§ Your objective: Your answer must be the exact lines below, starting with the line with "Shop this Tower" and going on through the line with "Females of different", both included, with no pictures.

§ Collection entries:

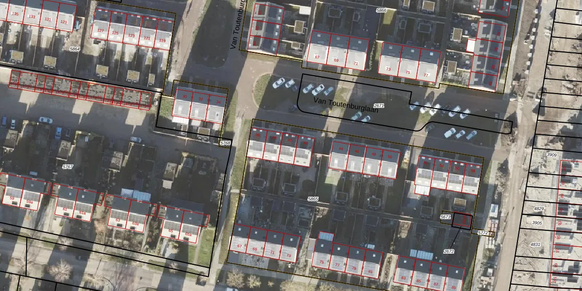 Van Toutenburglaan 40 is gelegen op kadastraal perceel APG00G5865. Deze kadastrale aanduiding is uniek en wordt gebruikt door het Kadaster om eigendomsrechten en andere zakelijke rechten vast te leggen. Het perceel maakt onderdeel uit van de kadastrale gemeente Appingedam.
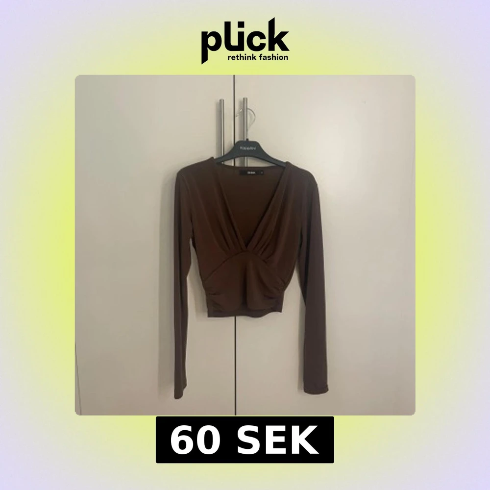 Säljer en stilren brun långärmad topp från Bikbok med v-ringad design. Perfekt för en chic och enkel look. Toppen är i ett mjukt och bekvämt material.
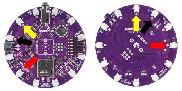 1. De la parte inferior del tablero, inserte el cable de servo en pernos de Lilypad (ver imagen). El cable rojo debe ir en el 3.3V pin, el cable negro en el conector de tierra (GND) y el cable amarillo en el primer pasador de gatillo (T1).
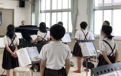 リコーダーは「富士山」、歌は「まきばの朝」を練習しています。
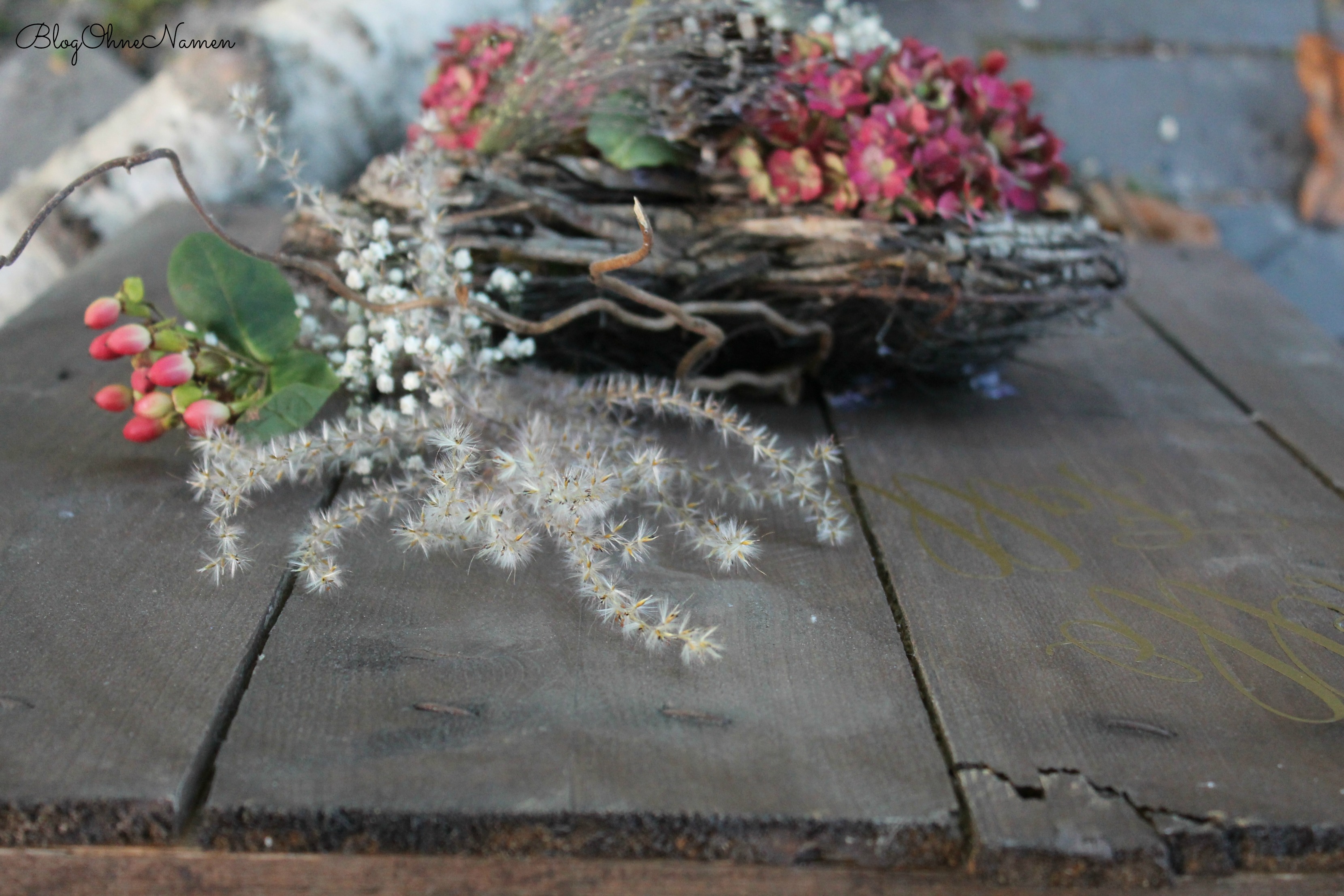Hier wurde eine alte Palette einfach mit einem Rest Holzschutzfarbe angestrichen und anschließend mit diversen Überbleibsen aus dem Garten dekoriert. Was man so findet… 😉
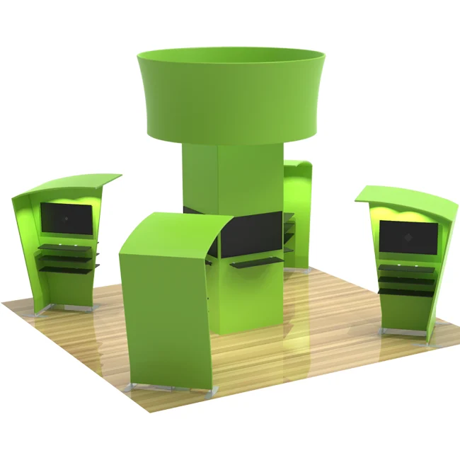 Shop this Tower 20 X 20 Trade Show Booth with 2 Custom Kiosk from Trade Show Display Depot today.
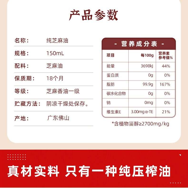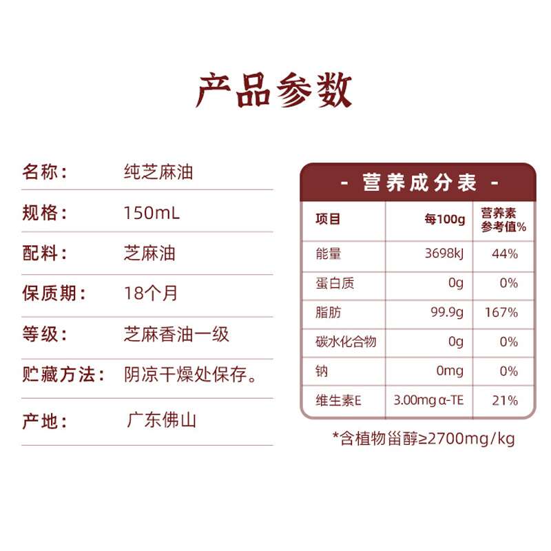海天(HTDZ) 150ml 海天天赐良谷纯芝麻油150mL*2瓶(中华老字号) (单位:瓶) 海天天赐良谷纯芝麻油150mL*2瓶(中华老字号)
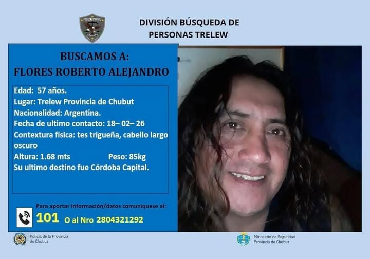 La División Búsqueda de Personas de Trelew activó un pedido de colaboración para dar con el paradero de Roberto Alejandro Flores, un hombre de 57 años que fue visto por última vez el 18 de febrero de 2026 en la ciudad de Trelew, provincia de Chubut.
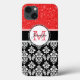 Girly, Red, Glitter Black Damask Personlig
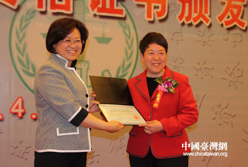 國家司法考試司司長丁露為獲得律師職業資格的臺灣居民頒發資格證書。(中國臺灣網 張弛 攝)
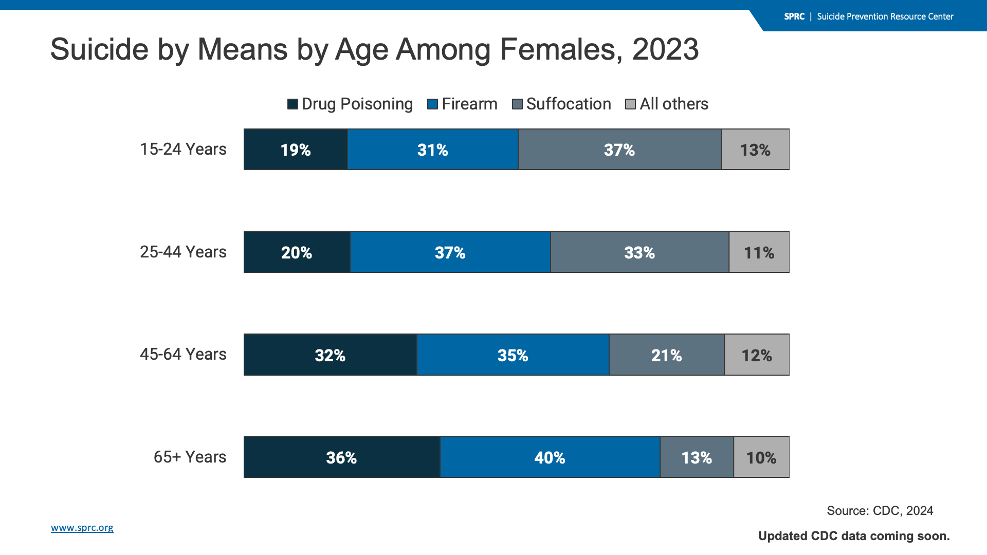 Females of different age groups used different means of suicide in 2023. Younger females were most likely to die by suffocation, while older females were more likely to die by means of firearm or drug poisoning.
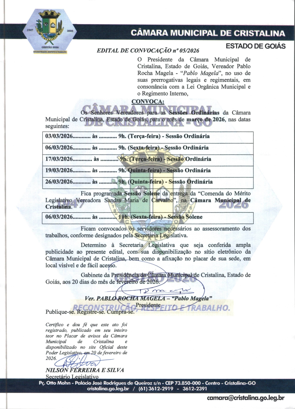 Na manhã de ontem (03 de Junho de 2022), no plenário Fritz Monh da Câmara Municipal de Cristalina, foi implantado o Programa COM VIVER, no âmbito do poder legislativo. Programa vencedor do Prêmio Destaque Innovare 2021 idealizado pela juíza Dra. Priscila Lopes da Silveira e o juiz Dr. Thiago Inácio Oliveira da comarca de Cristalina.O Projeto de Resolução Nº 1/2022 foi aprovado por unanimidade durante a 21ª Sessão Ordinária nesta casa de leis.Participaram da cerimônia o Prefeito Daniel do Sindicato, os Juízes Dra. Priscila Lopes da Silveira, Dr. Thiago Inácio Oliveira, os vereadores Jean Eustáquio Magalhães Alves, Luciana Cândida Ribeiro de Aquino, Gilmar de Oliveira Matos, Marcos Fernandes Franco, Pablo Rocha Magela, Marcelo Rocha de Novais, José Marcelo Alves Borges, Juscélio dos Santos, dentre outras autoridades civis, militares e eclesiásticas.
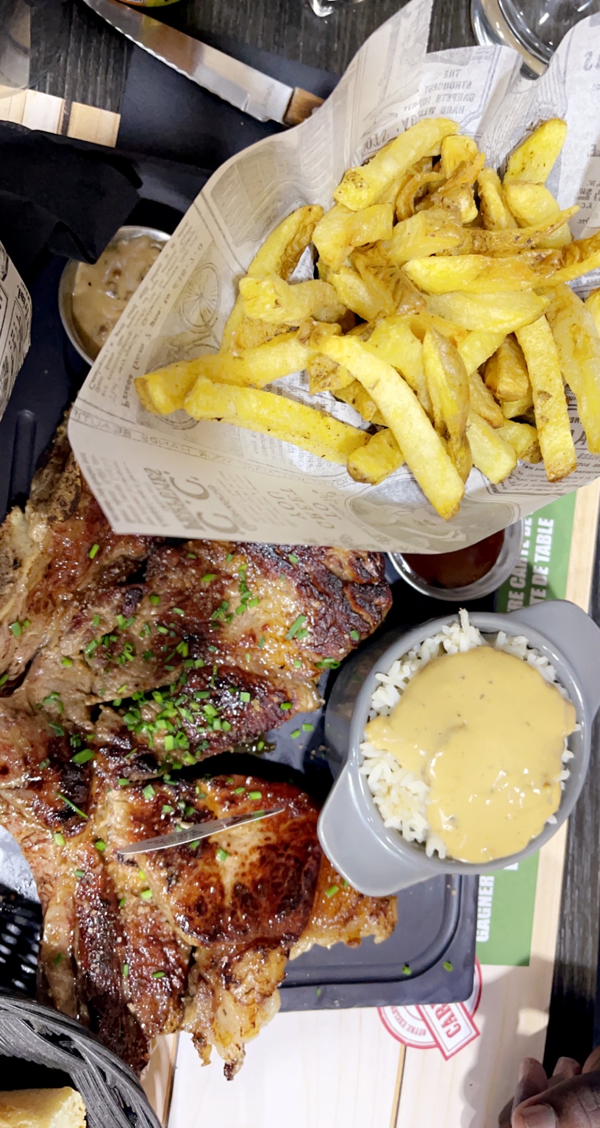 La viande est à la hauteur, de ce qu'on en dit succulente et tendre. Un peu déçu des frites qui ne sont pas faite maison. L'entrée et le dessert étaient bon. Un conseil pour le restaurant de Colombes venez tôt ou réserver car il y a peu de place. L'accueil y est chaleureux donc je recommande ce restaurant.
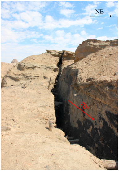 In the main part of the nose uplift, the fault system connects with a deep reservoir; oil and gas migrate to the surface via the fault system and forms bitumen through secondary action. The distribution of veins is controlled by the fault system, and it reflects the spatial distribution characteristics of faults (Figure 4). Eighteen main faults can be seen in the outcrop, forming a broom-like fault zone spreading in the southwest and converging in the northwest. The width of the bitumen vein (horizontal fault distance) generally ranges from 0.05 m to 0.5 m, the maximum being about 1.2 m. The sandstone on both sides of the vein is black owing to bitumen impregnation; it has a width of 0.5–1.5 m, forming black oil sand deposit. The mine is the only natural bitumen mine for large-scale mining in China. The proven mineral reserves are about 120,000–150,000 tons. Bitumen production began in 1958, and the maximum annual production of bitumen can reach 8000 tons. After more than 60 years of mining, only 110 m of the upper part of the ore vein has been excavated, and the lower part of the bitumen vein, that is nearly 250 m deep, is yet to be mined. The bitumen produced by the ore vein is rare, high-quality, and hard bitumen which is an important raw material for special paint and ink.
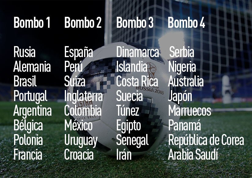 La Federación Internacional de Fútbol Asociación (FIFA) ha anunciado este jueves la composición de los bombos para el sorteo final de la Copa Mundial de Rusia 2018, que tendrá lugar el próximo 1 de diciembre.

§ Reply:
 Shop this Tower 20 X 20 Trade Show Booth with 2 Custom Kiosk from Trade Show Display Depot today.
海天(HTDZ) 150ml 海天天赐良谷纯芝麻油150mL*2瓶(中华老字号) (单位:瓶) 海天天赐良谷纯芝麻油150mL*2瓶(中华老字号)
 La División Búsqueda de Personas de Trelew activó un pedido de colaboración para dar con el paradero de Roberto Alejandro Flores, un hombre de 57 años que fue visto por última vez el 18 de febrero de 2026 en la ciudad de Trelew, provincia de Chubut.
 Girly, Red, Glitter Black Damask Personlig
 國家司法考試司司長丁露為獲得律師職業資格的臺灣居民頒發資格證書。(中國臺灣網 張弛 攝)
 Females of different age groups used different means of suicide in 2023. Younger females were most likely to die by suffocation, while older females were more likely to die by means of firearm or drug poisoning.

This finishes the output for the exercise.